Культурно-развлекательные комплексы XIX века

В XIX веке структурное и художественное оформление всех этих видов «культурно-зрелищных и массовых мероприятий» по-настоящему началось в 20-х годах, после войны с Наполеоном. Этот период совпадает со временем позднего ампира. Кажется, что он достиг своего расцвета, но, как это всегда и бывает, расцвет этот предвещает неминуемое наступление распада. И уже в русле ампира зарождаются совершенно новые тенденции. Наиболее ярко тенденции эти проявились как раз в создании оригинального культурно-развлекательного комплекса. Речь идёт о Екатерингофе.

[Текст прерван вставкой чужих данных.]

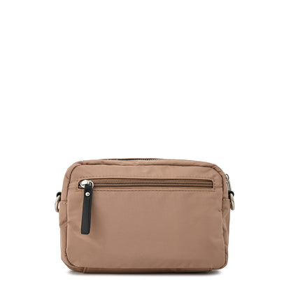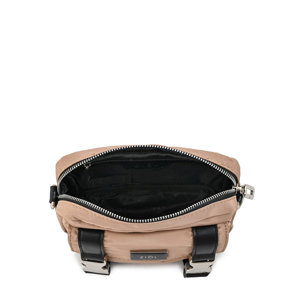 La bandolera Diana en beige es liviana, versátil y fácil de combinar. Confeccionada en nylon duradero, cuenta con un cierre metálico seguro, dos bolsillos internos y una correa ajustable que te permite llevarla como prefieras. Un diseño pensado para acompañarte en cualquier plan.
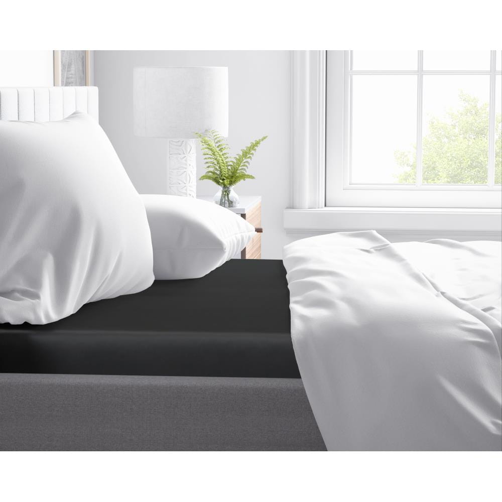 180x220cm prześcieradło na gumce satyna bawełniana czarny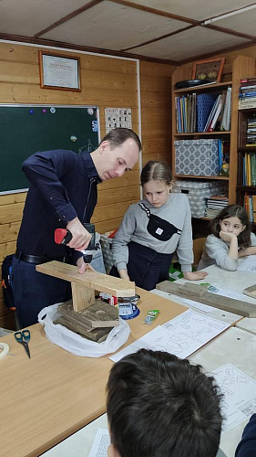 Он многое умеет делать своими руками, и рад научить этому ребят. Александр привез несколько заготовок, чтобы было проще получить готовый домик для птиц, и показывал, как их надо собирать.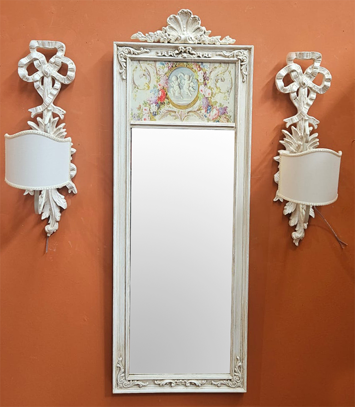 Completo composto da specchio in legno con cornice colore bianco provenzale e cresta, cm 32×79 misura specchio e cm 110×42 misura esterna, più due applique in legno con ventole.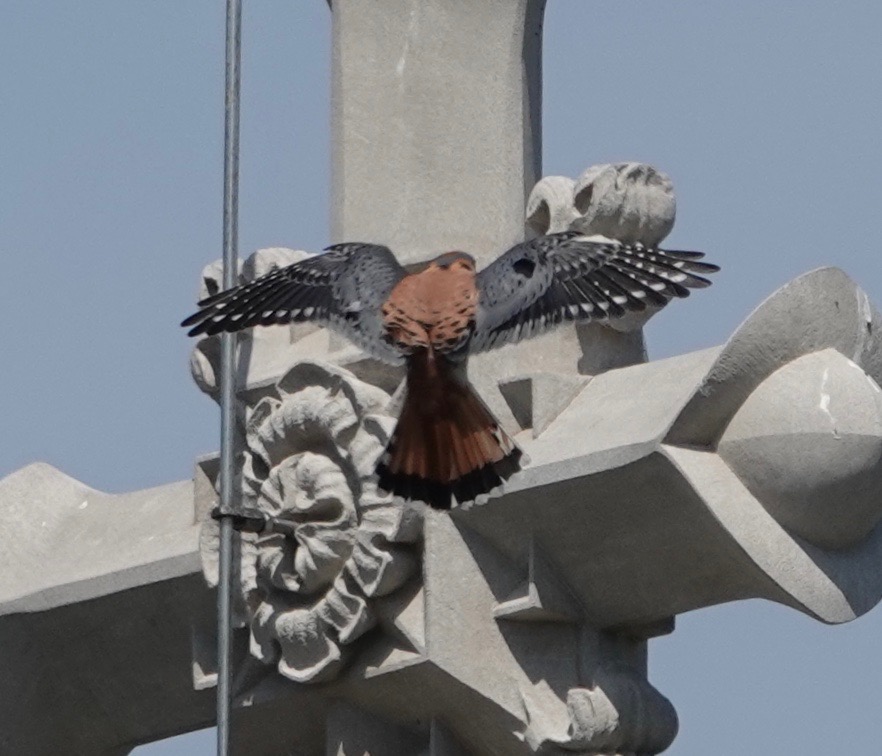 I don’t know if this is the same male, seen several days earlier some 15 blocks away. One day this spring, I spied a pair of American Kestrel copulating on St. Michael’s at 4th and 42nd St and quickly swung my scope over to 4th and 32nd, where there’s a Kestrel nest this year. At least one bird was visible there. So potentially two pairs in the immediate area.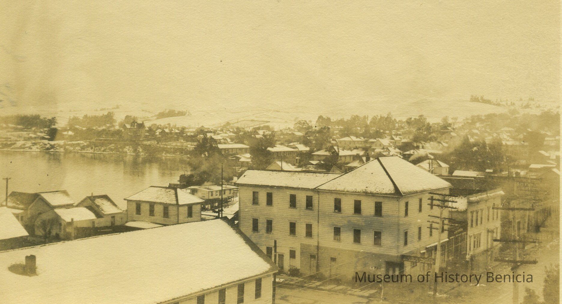 B/W Photograph - looking down on Benicia; the Union Hotel is prominent at lower right. Snow can be seen on the roofs. 3" x 5"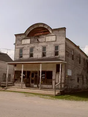 | Wilson was established as a stop on the C&NW RR in 1881, and soon grew to a sizeable town; by WWI, it had about 500 people with a hotel and numerous business establishments, most of them associated with agriculture. Decline appears to have set in the 1950s, and most of the population left and abandoned the businesses and houses. Submitted by: Kurt Wenner |

«Хвостовым некогда воспетая дыра»

Созданный Петром Великим как ближняя загородная резиденция при Петергофской дороге, Екатерингоф к концу «осьмнадцатого столетия» пришёл в упадок. В 1804 году поступил в городское ведомство. Возобновились первомайские народные гулянья, заведённые ещё Петром, а также гулянья в Троицу и в Духов день. Тогда же был разработан проект создания увеселительного парка, но война 1812 года отодвинула его воплощение на двадцать лет. Новый проект от имени организованного просвещённой публикой общества возрождения Екатерингофа был подан Плюшаром генерал-губернатору Милорадовичу. Проектирование увеселительных павильонов, в числе коих предполагались и театр, и гостиница, в 1823 году тот поручил Огюсту Монферрану, уже зарекомендовавшему себя в качестве яркого архитектора. Зодчий представил целую серию проектов, выполненных в разных, порой весьма экзотических стилях. Век эклектизма ещё не настал, но в парке появились и Мавританский павильон, и готический Львиный. «В готическом стиле» было возведено и самое крупное сооружение парка — Вокзал, или Французский трактир, сочетавший в себе функции ресторана, дансинга, кафе, помещений для бильярда и других игр. Ему отвечал внешний облик сооружения для Русских гор, где спиралевидные пандусы, заключённые в цилиндрический объём, просматривались на всю высоту через колоссальные стрельчатые проёмы. Готические мотивы доминировали и в архитектурном оформлении Фермы.

6-1.jpg
Фасад здания Пассажа со стороны Невского проспекта. Фотография Юрия Молодковца

Однако в Екатерингофе со временем появился и Русский трактир. Инженер П. Базен возвёл фантастический по виду и новаторский по конструкции Цепной мост — предтечу Египетского, Пантелеймоновского, Банковского и Львиного мостов в Петербурге. Многочисленные литографии запечатлели живописные ландшафты парка, получившего новую славу и любовь петербуржцев. Сюда на гулянья стекались все слои общества, включая членов царской семьи и самого императора. Несмотря на регламентацию времени и места прогулок разных сословий, современники свидетельствовали, что на дорожках и тропах Екатерингофа можно было видеть одновременно и роскошнейшие экипажи вельмож, и прогуливающихся мещан, крестьян и лавочников в их исконном русском платье.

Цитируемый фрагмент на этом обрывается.